■ Listed entries:

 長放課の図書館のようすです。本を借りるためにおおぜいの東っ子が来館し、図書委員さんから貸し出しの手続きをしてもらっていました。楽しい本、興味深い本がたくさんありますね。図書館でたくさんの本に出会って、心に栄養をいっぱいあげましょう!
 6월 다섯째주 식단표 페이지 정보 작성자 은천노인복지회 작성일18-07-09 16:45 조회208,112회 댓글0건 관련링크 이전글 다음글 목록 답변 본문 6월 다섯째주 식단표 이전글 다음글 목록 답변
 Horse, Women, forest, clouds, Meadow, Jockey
...
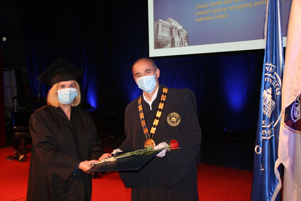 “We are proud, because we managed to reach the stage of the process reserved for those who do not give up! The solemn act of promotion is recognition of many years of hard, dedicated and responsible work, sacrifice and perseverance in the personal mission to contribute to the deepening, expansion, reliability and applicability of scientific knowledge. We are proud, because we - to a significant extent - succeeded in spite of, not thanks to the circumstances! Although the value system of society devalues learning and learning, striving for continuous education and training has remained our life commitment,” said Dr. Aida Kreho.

■ About this exercise:
From the entries above, extract only the lines running from the one containing "6월 다섯째주 식단표 페이지" through the one containing "Horse, Women, forest, clouds, Meadow, Jockey", inclusive.

■ Problem solution:
 6월 다섯째주 식단표 페이지 정보 작성자 은천노인복지회 작성일18-07-09 16:45 조회208,112회 댓글0건 관련링크 이전글 다음글 목록 답변 본문 6월 다섯째주 식단표 이전글 다음글 목록 답변
 Horse, Women, forest, clouds, Meadow, Jockey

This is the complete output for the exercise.